The Humanity of Shared Retreat Experience

For the past 15 years I’ve been part of our annual Fall Retreat.

This one was way different.

It was online.

For seven days.

I was skeptical.

When I’m doing intensive practice, I need help. I benefit from the rigor, accountability and discipline I only get when I’m in a meditation hall, shoulder-to-shoulder with others.

I doubted this format would work.

I assumed, like me, participants wouldn’t be able to maintain the perseverance required to work through the inevitable resistance and challenges that come up with intensive practice.

I assumed folks would get frustrated, distracted and tune out.

I was wrong.

A meditation retreat is a strange experience of being “alone together.”

By far, this was the most diverse retreat I’ve done.

The community of 200 was truly international, with participants from China, Africa, Europe, North and South America, Israel, Southeast Asia and Australia. It was made up of different ages, races, sexual orientations and identities, political parties and religions.

While each participant I saw in their little box on Zoom through the week was alone and intimately engaged in their personal journey, we also had our traditional practice groups.

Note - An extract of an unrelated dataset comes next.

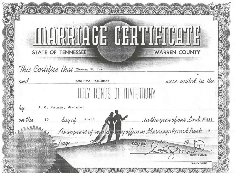 Thomas B. Rust and Adeline Faulkner Marriage Certificate

These small groups meet throughout the week with teachers to share about challenges, difficulties, insights and observations along the journey.

The humanity of the shared experience blew open my mind and heart.

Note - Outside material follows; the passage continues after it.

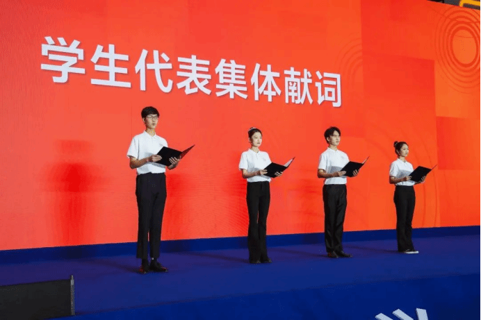 校友代表2013屆金融工程專業(yè)畢業(yè)生白學成、教師代表、基礎部主任、北京市教學名師范玉妹教授分別發(fā)言,學生代表集體獻詞。

As each shared of their challenges as well as the awakening of wisdom and loving presence, there seemed to a deepening sense of our shared humanity.

If you’re at all intrigued with trying an online retreat, do give a go.

While there’s something lost in not being together in person, there is so much gained in the accessibility and diversity of being online with a global community.

Plus, you get to sleep in your own bed and if you want, you can do the whole thing in your PJ’s.

Now more than ever we all need to pause.

May you have all you need, internally and externally, to navigate the changes ahead.